First, let me write down the equation again to make sure I have it right:
√(x² + 165) - √(x² - 52) = 7.
Okay, so the idea is to isolate one of the radicals and then square both sides. Let me try moving the second radical to the other side:
√(x² + 165) = 7 + √(x² - 52).
Now, if I square both sides, maybe I can get rid of the square roots. Let's do that:
(√(x² + 165))² = (7 + √(x² - 52))².
Simplifying the left side:
x² + 165 = 49 + 14√(x² - 52) + (√(x² - 52))².
The right side is expanded using the formula (a + b)² = a² + 2ab + b². So the right side becomes 7² + 2*7*√(x² - 52) + (√(x² - 52))², which is 49 + 14√(x² - 52) + (x² - 52).
So putting it all together:
x² + 165 = 49 + 14√(x² - 52) + x² - 52.
Hmm, let's simplify the right side. The x² terms will cancel out, right? Let's subtract x² from both sides:
165 = 49 + 14√(x² - 52) - 52.
Simplify the constants on the right:
49 - 52 is -3, so:
165 = -3 + 14√(x² - 52).
Now, add 3 to both sides to isolate the radical term:
165 + 3 = 14√(x² - 52).
So 168 = 14√(x² - 52).
Divide both sides by 14:
168 / 14 = √(x² - 52).
12 = √(x² - 52).
Now, square both sides again to eliminate the square root:
12² = x² - 52.
144 = x² - 52.
Add 52 to both sides:
144 + 52 = x².
196 = x².
So x = √196 = 14.
But wait, since the problem states that x is positive, we only take the positive root. So x = 14.

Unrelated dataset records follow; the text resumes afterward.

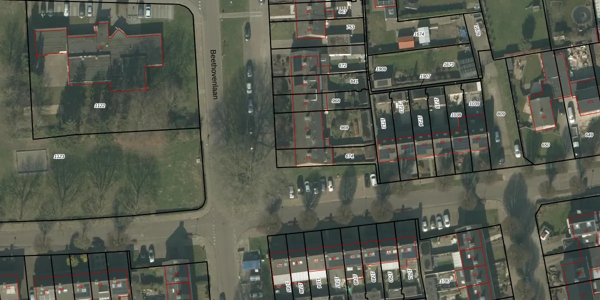 Het perceel waarop Beethovenlaan 22 staat heeft een oppervlakte van 213 m². Dit is een middelgroot perceel. De perceeloppervlakte wordt geregistreerd door het Kadaster. Gedetailleerde informatie over de maten van dit perceel kunt u vinden in het rapport Kadastrale kaart met maatvoering van Beethovenlaan 22.
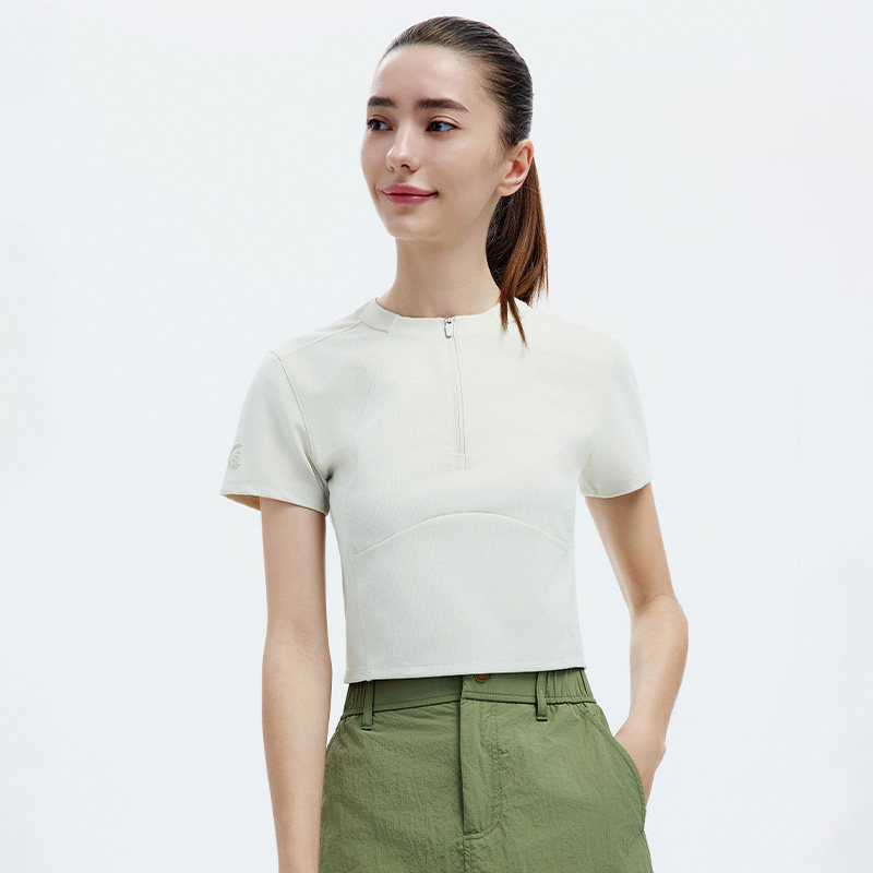 蕉下亨利衫女长袖T恤v领秋冬修身保暖低领打底衫半开领白色上衣
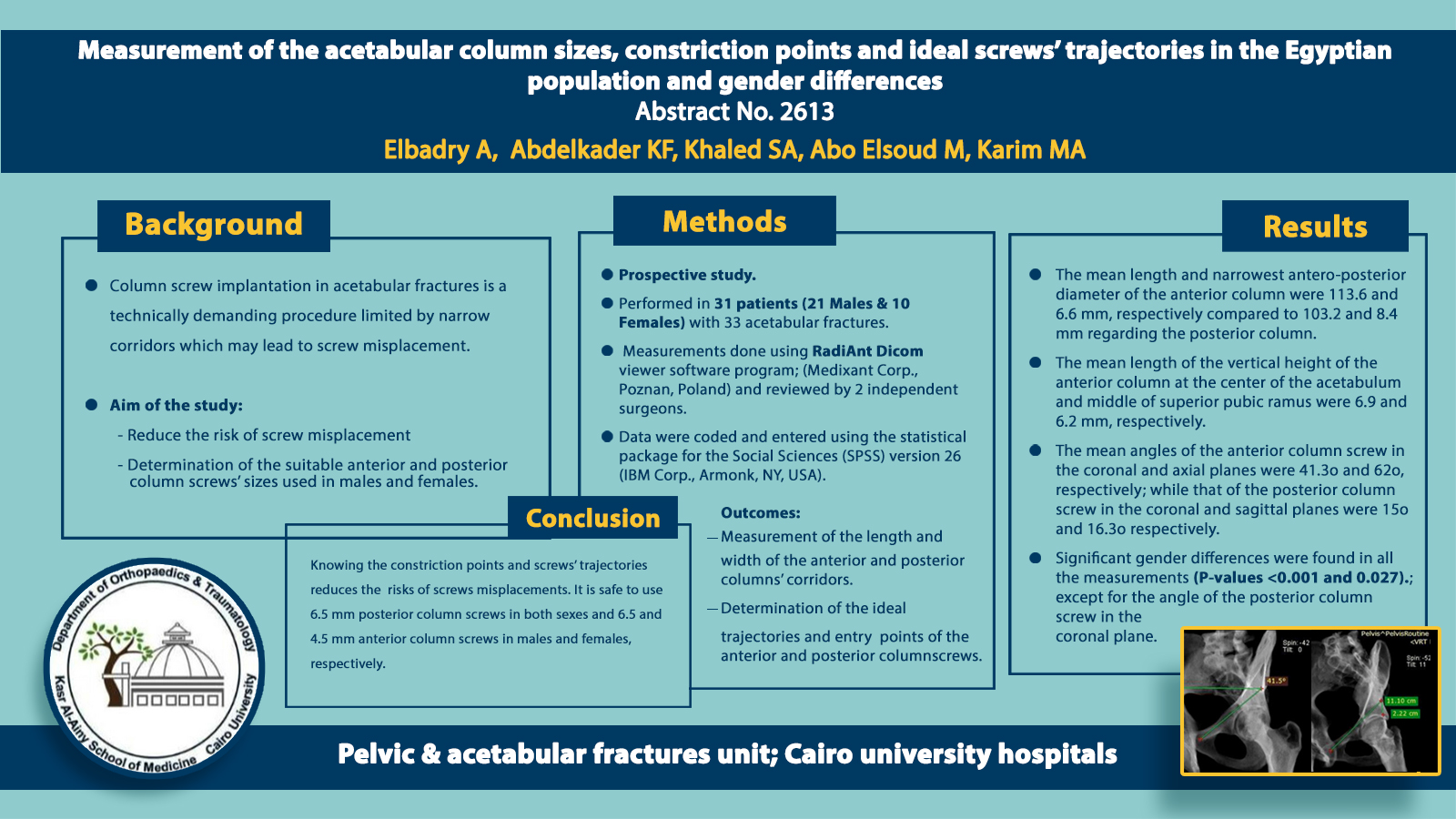 Measurement of the acetabular column sizes, constriction points and ideal screws, trajectories in the Egyptian population and gender differences
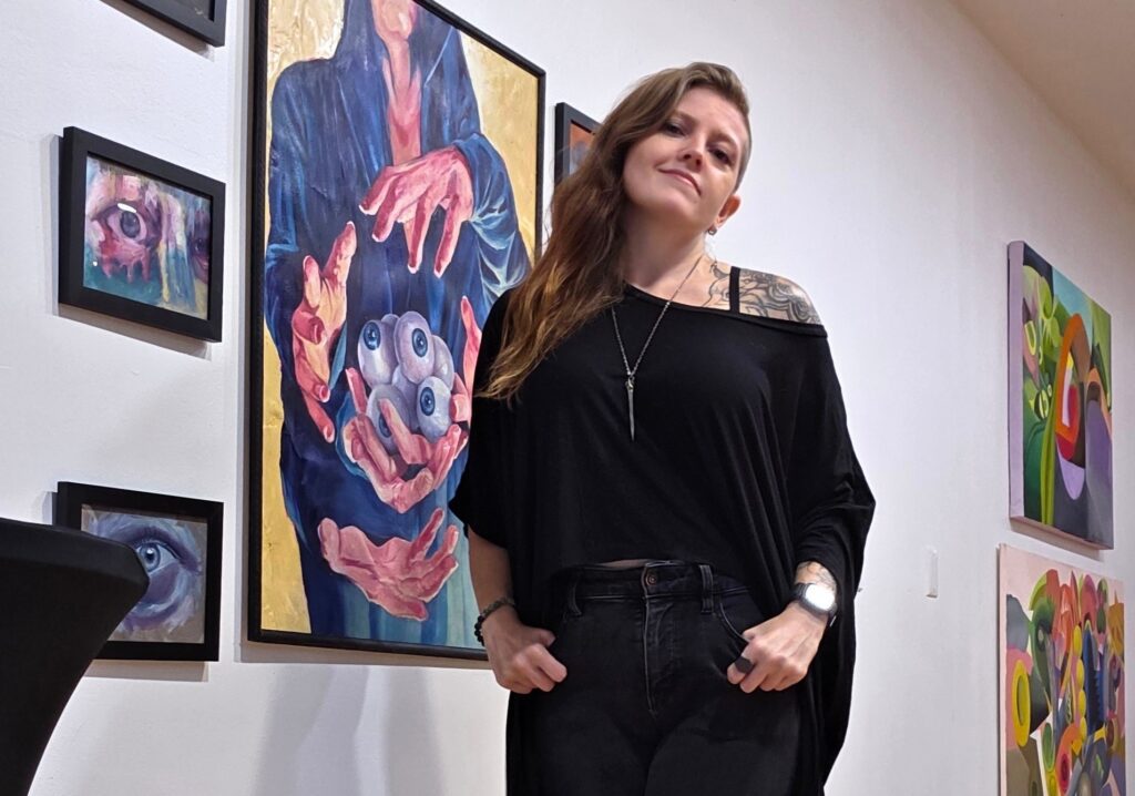 She paints figures and faces and eyes. And the eyes in particular do something you don’t forget. They hold you. Not poetically. Actually. You look at them and they look back and for a second you’re not sure who’s doing the seeing anymore.
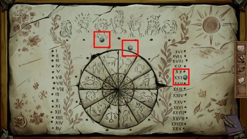 - カレンダー パズル:釘を次の位置に置きます (キュベレ パズルの最後のメモからのヒント)。次に、月の女神の石を拾います:
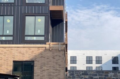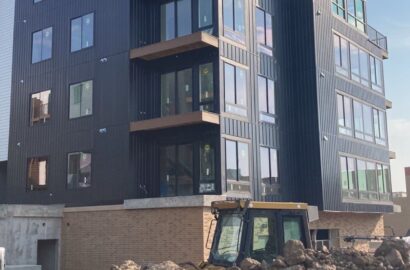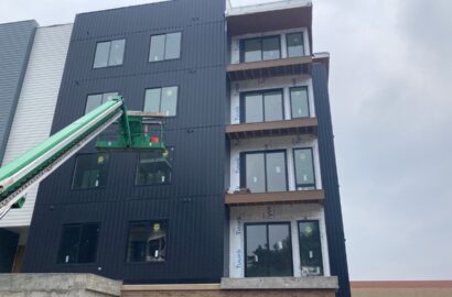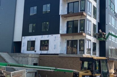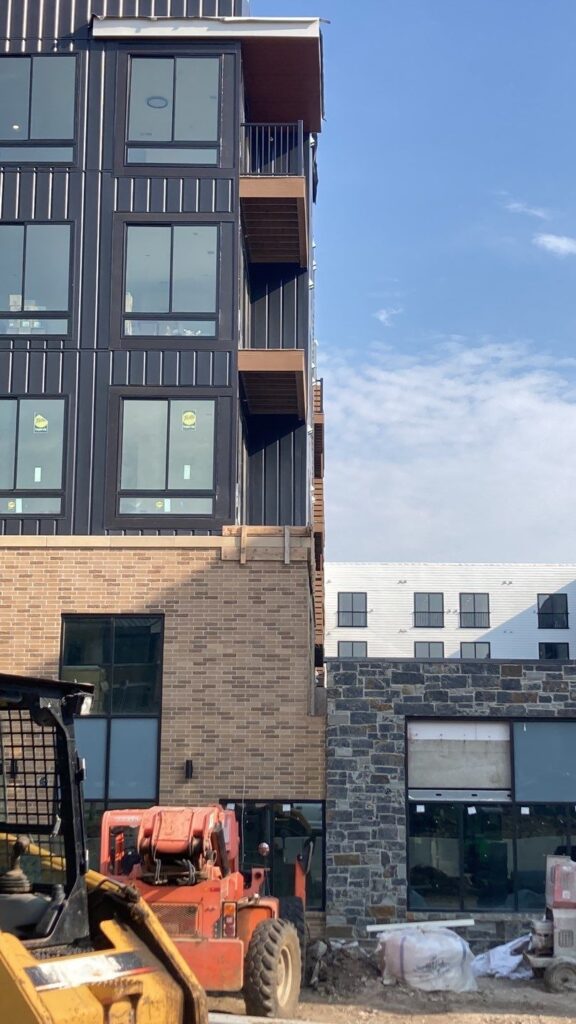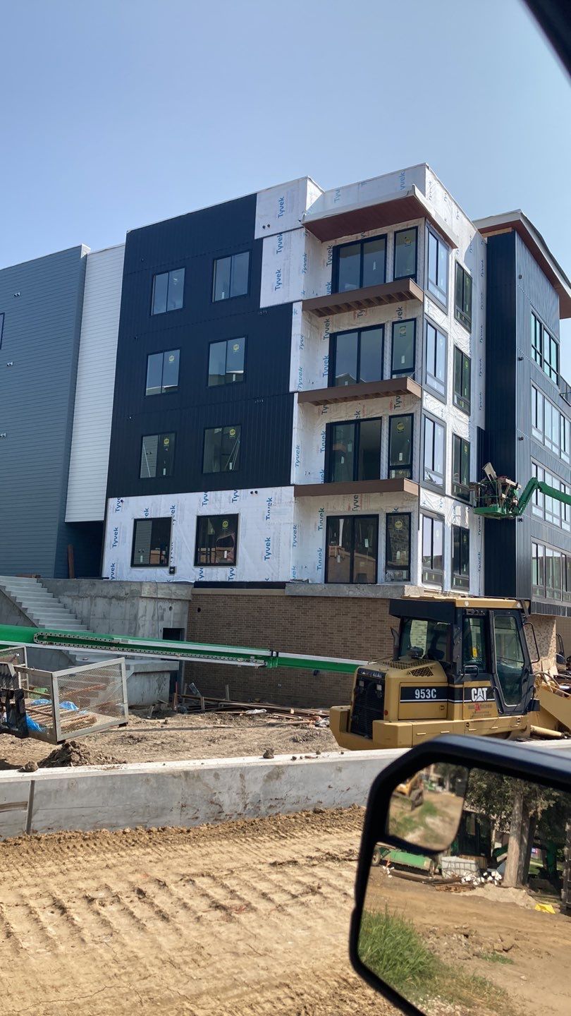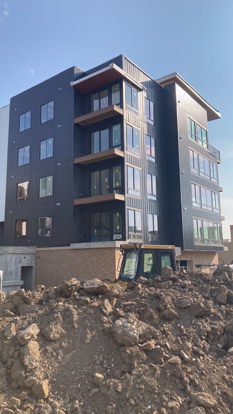 Installed cement board and metal siding on a distinctive 4-story urban development with modern aesthetics along a main thoroughfare, utilizing an 85-foot lift for the project
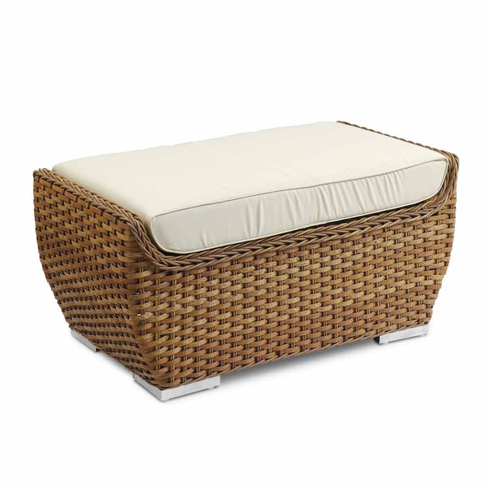 Pouf for the garden made of fine luxury woven synthetic rattan and white or ecru cushion.
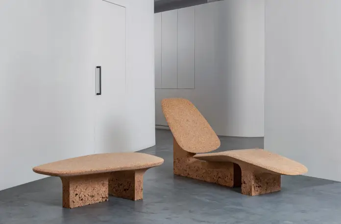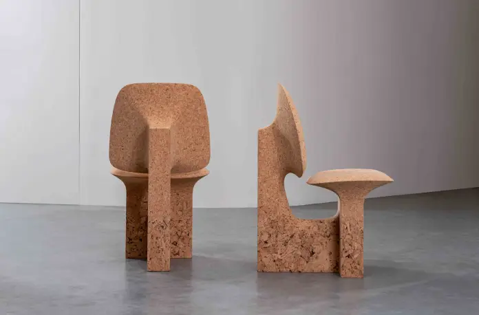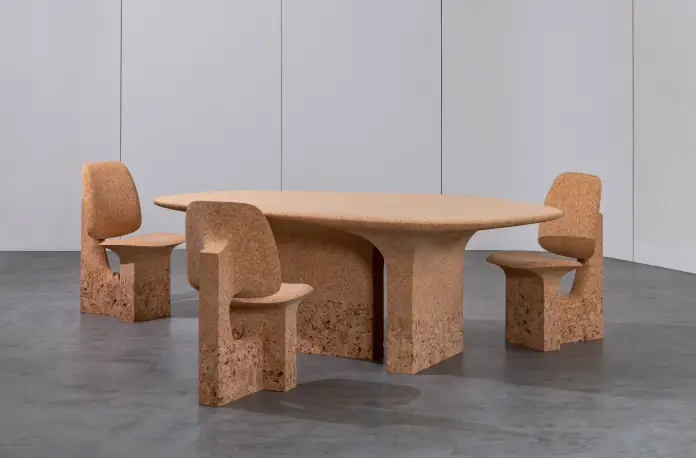 La singularidad de estas piezas es que cada mueble ha sido tallado en una sola pieza. Son de un aspecto elegante y armonioso, abarcando desde una mesa hasta una otomana o una silla. El diseñador desarrolló su propio proceso para incorporar la textura rugosa del corcho quemado, un desecho industrial que ha encontrado una nueva vida en esta línea de muebles.
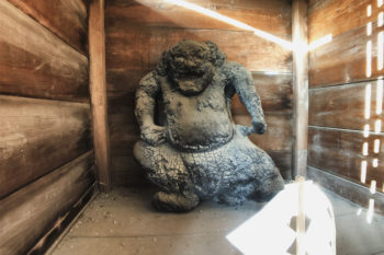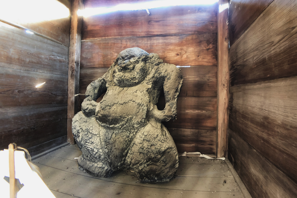 楼門には、手前に焼けた力神様が鎮座されています。
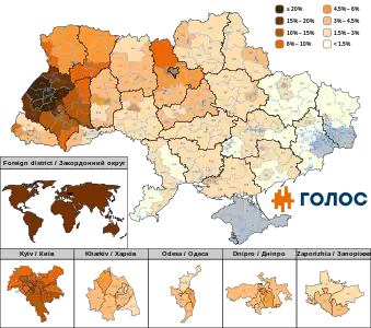 In the October 2020 Ukrainian local elections, Voice had some local success, having led its factions to the Lviv Oblast Council, to the city councils of Kyiv, Lviv, Cherkasy, and a number of other city councils, including even in the Donbas.[33] The party's mayoral candidate made it to the second round of the election in Cherkasy, which he lost.[33][34] The party failed to get into the Top-10 of parties that won the most seats in the election (10th place on this list was the Radical Party of Oleh Liashko who won 1.62% of the available seats, which was 535 seats).[35] The party's mayoral candidate for Kyiv, showman Serhiy Prytula, failed to win in the city, coming third with less than 8% of the vote.[36] In June 2021, he quit the party, claiming it had "moved so far away from our initial principles."[37]
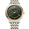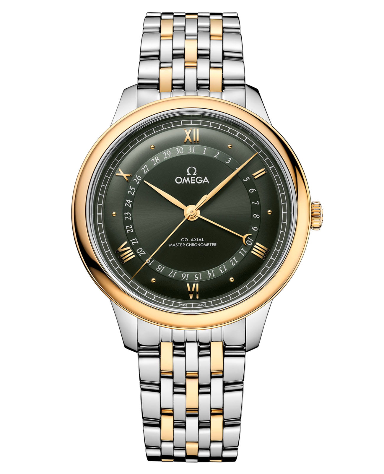обрамляет завораживающий циферблат с зеленым PVD-покрытиемPVDУльтратонкое покрытие наносится в технике вакуумного напыления, сочетает в себе нитрид титана особой прочности со слоем золота или оксида хрома. Несёт в себе декоративную или защитную функцию. и узором "солнечные лучи". Минутная шкала "железная дорога" гармонично сочетается с чередующимися римскими цифрами и кабошонами, создавая игру света и тени. Индикатор даты с сатинированным кольцом и стрелкой из желтого золота с полумесяцем добавляет функциональную изысканность. Браслет из стали и золота Sedna™18-каратное золотоОбозначение по каратной системе пробирования, оно показывает, сколько драгоценного металла содержится в изделии. 18 карат - в составе 75% чистого золота, соответствует 750 пробе.
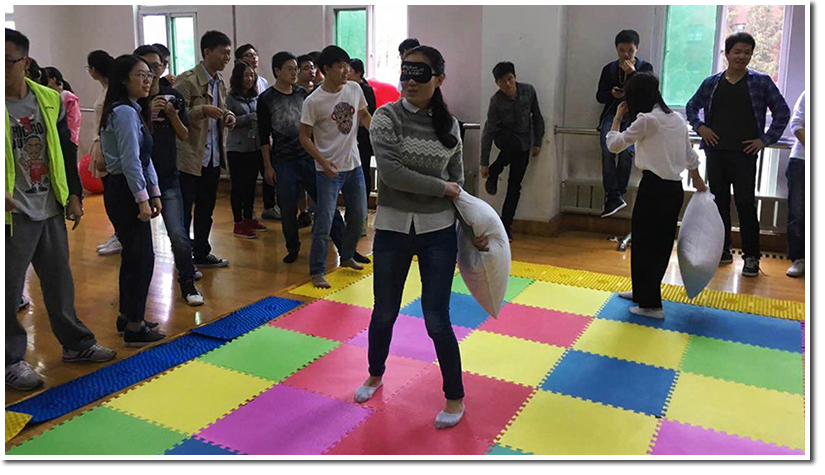本次内联活动共有三个趣味项目,分别是枕头大作战,合力吹气球,口口相传。首先展开的便是枕头大战:两支队伍分别扮演攻击者与被攻击者的角色,在指压板围成的场地上相互对抗,直到防守一方的参赛队员被全部淘汰为止,在活动当中,各个小组的组员都为了自己所在的小组获得荣誉均拼尽全力。场面十分激烈。经过紧张的角逐,女生部、外联部以及主席团获得了枕头大战的胜利。
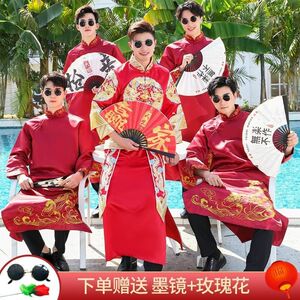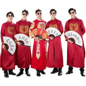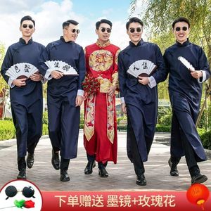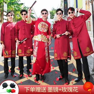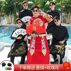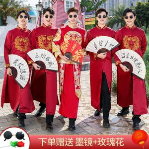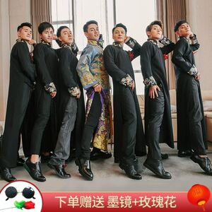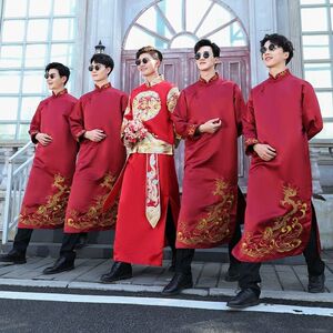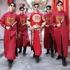花婿の付添人中国風の結婚式のドレス兄弟秋と冬の結婚式のサウンドコメディ衣装中国のローブロングシャツコート唐スーツジャケット
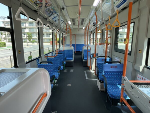 「エルガEV」は屋根上に高電圧バッテリーを搭載するため車高が高く、CO₂排出ゼロ・車内フルフラット化・回生ブレーキ搭載が特徴。後部にはボックス席風の向かい合わせ座席も設置されている。
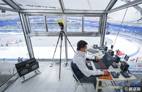 国家速滑馆成绩副经理衣小萌介绍,“冰丝带”的成绩团队共13个人,负责运动员的成绩从前端采集、处理直到最后在大屏和电视上显示整个流程的成绩处理工作。
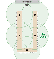For the "Microphone x 3" and "Microphone x 5" configurations shown above, audio quality is superior in the "Microphone x 5" configuration as the microphones are placed closer to the participants.

But hold on, when dealing with squaring equations, sometimes extraneous solutions can come up. I should check if this solution actually satisfies the original equation.
Let's plug x = 14 back into the original equation:
√(14² + 165) - √(14² - 52) = ?
Calculate each term:
14² is 196.
So first radical: √(196 + 165) = √361 = 19.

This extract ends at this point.